My teacher gave me an idea that there should be an interesting combinatorial proof that the sums $$S_n := \sum_{i=1}^{n} \frac{2^i}{i}$$ are eventually divided by any power of $2$, that is $\lim_{n \to \infty} \operatorname{ord}_2 (S_n)=\infty$.
There is a short proof using 2-adic limit of $S_n$'s. The additional terms $2^i/i$ tend to zero 2-adically, so the 2-adic limit exists. But $$\sum_{i\geqslant 1} \frac{2^i}{i}=\log(1-2)=\log(-1)=\frac{\log((-1)^2)}{2}=0,$$ thus the sums tend to zero 2-adically.

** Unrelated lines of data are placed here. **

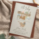 Celebrate the joy of impending parenthood with our rustic neutral bohemian baby shower invitation, adorned with delightful nursery illustrations. From charming bassinets and baby carts to sweet baby clothes, teddy bears, soft toys, and wooden playthings, this invitation captures the essence of anticipation. The watercolor design in natural earth tones and muted colors adds a touch of warmth, creating an inviting and whimsical atmosphere for your baby shower celebration.
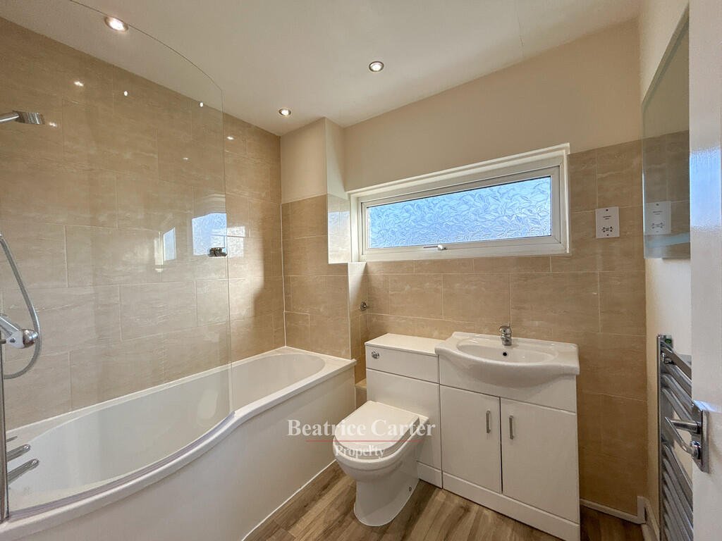 Bathroom – 6’08” x 7’05” (2.03m x 2.26m), luxury vinyl tile flooring with shower over bath, heated towel rail, hand basin, WC, and LED mirror.Â
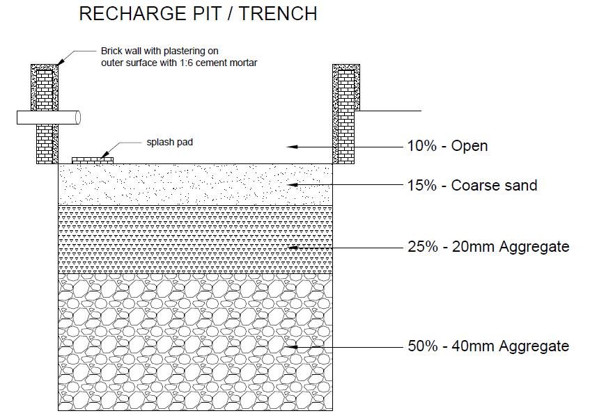Rechargepitsareman-madestructuresstrategicallylocatedinareaswithfavorablesoilpermeabilitytopromoteefficient waterseepageintotheground.Thesepitsserveasessentialcomponentsofsustainablewatermanagementpractices,enabling the gradual infiltration of collected water into the aquifer to replenish the groundwater table. By supporting natural groundwaterrechargeprocesses,rechargepitscontributesignificantlytowaterconservationefforts,watertablestability,and mitigationofdroughtimpacts.
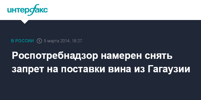 Москва. 5 марта. INTERFAX.RU - Роспотребнадзор планирует снять запрет на поставки винодельческой продукции из Гагаузии - автономного территориального образования на юге Молдавии, сообщил сайт Роспотребнадзора в среду.

$$S_n = \sum_{j=1}^{n}\frac{1}{j}\sum_{k=0}^{j}\binom{j}{k}=H_n+\sum_{1\leq k\leq j\leq n}\frac{1}{k}\binom{j-1}{k-1}=H_n+\sum_{k=1}^{n}\binom{n}{k}\frac{1}{k}$$ leads to: $$ S_n = \sum_{k=1}^{n}\binom{n}{k}\frac{1-(-1)^k}{k}=2\sum_{\substack{k\leq n \\ k\text{ odd}}}\binom{n}{k}\frac{1}{k} $$ that is pretty simple to study $2$-adically!

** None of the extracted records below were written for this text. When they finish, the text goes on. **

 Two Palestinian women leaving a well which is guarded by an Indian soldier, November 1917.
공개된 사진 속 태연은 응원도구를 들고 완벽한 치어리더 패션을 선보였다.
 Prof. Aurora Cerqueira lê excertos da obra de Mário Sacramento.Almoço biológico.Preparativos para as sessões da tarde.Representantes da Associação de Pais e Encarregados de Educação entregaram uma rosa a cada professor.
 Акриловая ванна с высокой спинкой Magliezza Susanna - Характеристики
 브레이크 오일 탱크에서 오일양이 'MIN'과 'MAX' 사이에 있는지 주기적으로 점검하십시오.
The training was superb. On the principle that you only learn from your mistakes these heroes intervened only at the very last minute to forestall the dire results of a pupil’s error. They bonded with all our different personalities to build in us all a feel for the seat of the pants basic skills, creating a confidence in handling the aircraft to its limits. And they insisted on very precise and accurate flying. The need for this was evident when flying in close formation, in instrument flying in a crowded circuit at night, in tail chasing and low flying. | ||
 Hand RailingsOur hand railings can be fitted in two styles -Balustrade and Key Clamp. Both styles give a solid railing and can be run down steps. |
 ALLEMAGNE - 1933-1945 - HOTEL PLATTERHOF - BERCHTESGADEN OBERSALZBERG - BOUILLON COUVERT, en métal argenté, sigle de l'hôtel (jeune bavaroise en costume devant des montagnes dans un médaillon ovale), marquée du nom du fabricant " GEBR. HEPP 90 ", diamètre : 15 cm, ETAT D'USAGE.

That is related with the nice identity $$ \sum_{k=0}^{n}\frac{(-1)^k}{2k+1}\binom{n}{k}=\int_{0}^{1}(1-x^2)^n\,dx = \frac{(2n)!!}{(2n+1)!!}=\frac{4^n n!^2}{(2n+1)!}$$ from which $$ \nu_2\left(\sum_{k=0}^{n}\frac{(-1)^k}{2k+1}\binom{n}{k}\right)=2n+\sum_{h\geq 1}\left(2\left\lfloor\frac{n}{2^h}\right\rfloor-\left\lfloor\frac{2n+1}{2^h}\right\rfloor\right)\geq 2n-\log_2(n).$$